Every two weeks, we find the most interesting data science links from around the web and collect them in Data Science Briefings, the DataMiningApps newsletter. Subscribe now for free if you want to be the first to get up to speed on interesting resources.
- Understanding Neural Networks Through Deep Visualization
Remember our web link from our previous issue on Google’s trippy “inception” images? This article provides a good overview how of the technique actually works, and describes how the black box of neural network based models can be opened up. This YouTube video provides an overview of the toolkit and is definitely worth to watch.
- Journey through the layers of the mind
… and if you want to see how a neural network “dreams” in the form a video instead of static images, this video will provide you with exactly that.
- Yinyang K-Means
A recent paper presents Yinyang K-means, a new algorithm for K-means clustering which can be dropped in immediately in place of traditional K-means, giving the same solutions, but in a more efficient manner.
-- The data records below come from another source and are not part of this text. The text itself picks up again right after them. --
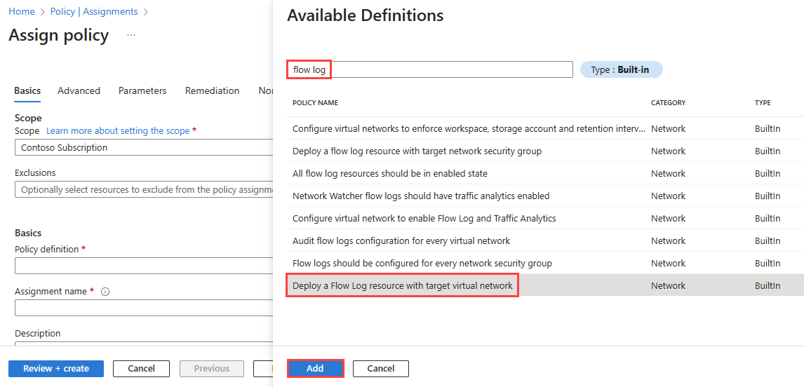 Atamak istediğiniz yerleşik ilkeyi seçmek için İlke tanımının yanındaki üç noktayı (...) seçin. Arama kutusuna akış günlüğü yazın ve yerleşik filtreyi seçin. Arama sonuçlarından Hedef sanal ağ ile bir akış günlüğü kaynağı dağıt'ı seçin ve Ekle'yi tıklayın.
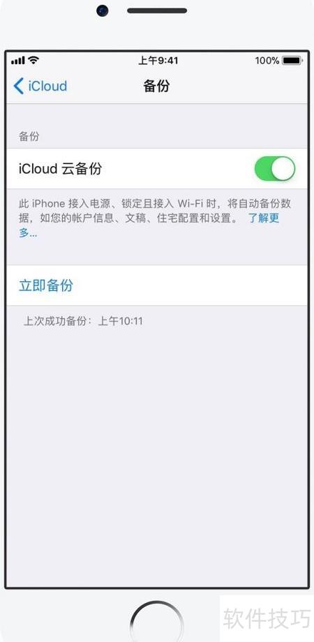 4、 可前往设置>iCloud>iCloud云备份查看备份进度并确认是否完成。在立即备份选项下方,会显示最近一次备份的具体日期和时间,便于您掌握备份状态。
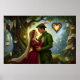On a quiet afternoon in Sherwood forest, romance fills the air. Decorations have been made and tucked among the green, and the beautiful winter roses add their fragrance to the bush. Candles hang from tree branches, their low lights glowing like shimmering fairy spirits. In this secluded grove of Love, Robin Hood and Lady Marian celebrate Valentine's Day. As they hold each other close, their eyes lock and they feel the warmth in their hearts that their Love will last forever, for it is woven in truth, respect, understanding, forgiveness, and presence, an undying flame. And so they kiss for the first or maybe thousandth time, an eternal kiss of legend to endure through the centuries in the hearts of all kind, good meaning lovers everywhere... This artwork was created with Google Flow and further altered by me.
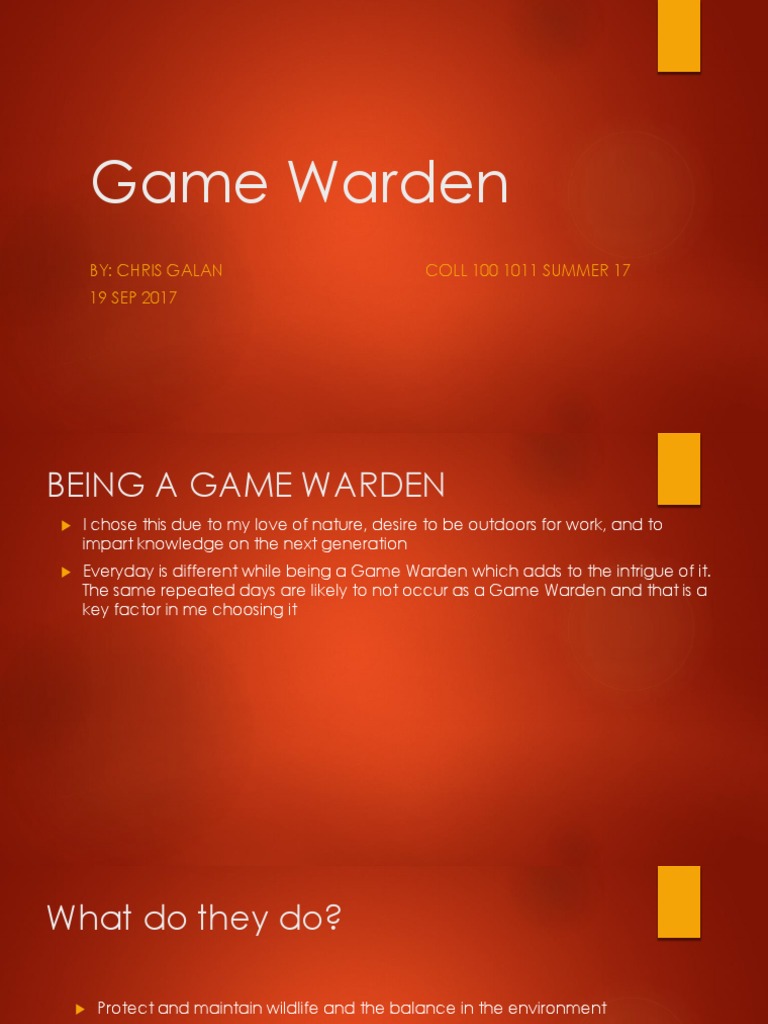 If you believe you have been discriminated against, contact the dnr office of human resources: How to become a wildlife officer. Citizenship or naturalization documents are required; The image, phrase or other expression is found on any clothing item or accessory worn by the member at any time unprofessional or offensive shall include but not limited to: See full list on gadnrle.org Applicants must be in good shape and be able to pass physical tests. 1½ mile track run in less than 16:00 3. Depictions of nudity, violence or criminal activity 2. All medical standards must be met in the areas of vision, hearing, ent, cardiovascular, respiratory, gastrointestinal, rectal, hernia, genital/urinary, back and neck, extremities, nervous system, emotional stability and laboratory analysis. Complete the post physical agility course in less than 2:07 2. Applying for a game warden position can be as simple as filling out a form or as complicated as taking a public service examination depending on the agency. Meet the minimum requirements for employment. Mar 28, 2019 · the requirements for becoming a game warden vary from state to state, but most have similar lists.
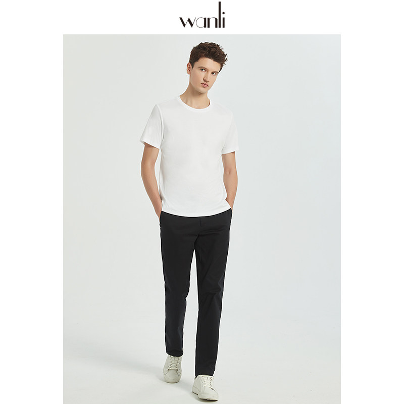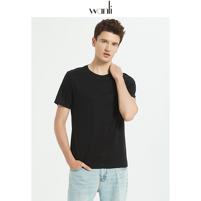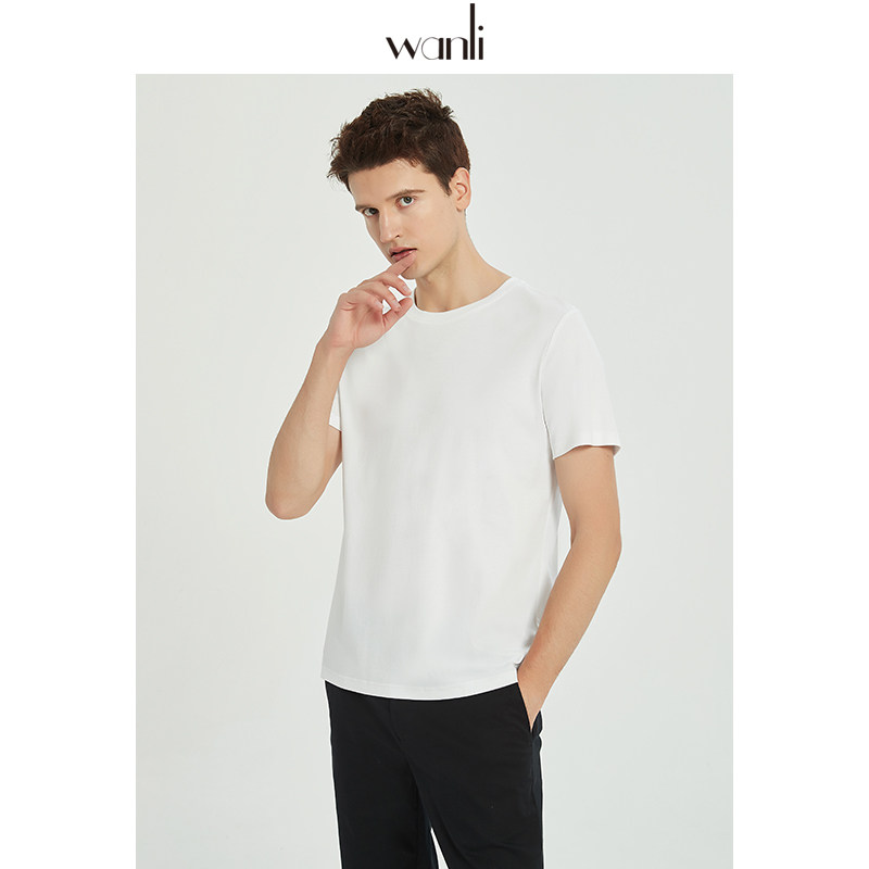 万丽男装纯棉t恤男宽松匹马棉白色t恤男短袖纯色宽松纯棉夏季

By clustering the centers in the initial stage, and leveraging efficiently maintained lower and upper bounds between a point and centers, it more effectively avoids unnecessary distance calculations than prior algorithms.
- A data set containing all reddit comments
Looking for a large data set to train your deep learning conversational model? Someone has made a 1 TB dataset of all public reddit comments available for use.
- ToyPlot
ToyPlot is a new “kid-sized” plotting toolkit for Python with “grownup-sized goals”.
- Learn Data Science the Hard Way
Want to become a data scientist? This article provides some good pointers on how to get started.
- Recordings of SciPy 2015: Scientific Computing with Python Conference
This YouTube playlist contains all recordings of the SciPy 2015 conference and contains a wealth of interesting data science presentations.
- How we scaled data science to all sides of Airbnb over 5 years of hypergrowth
Interesting article focusing on the management and democratization of data science within enterprise environments.
- ipylogue – IPython notebook storage backed by git
Want to synchronise your Jupyter/IPython notebooks with a git repository? This project has you covered.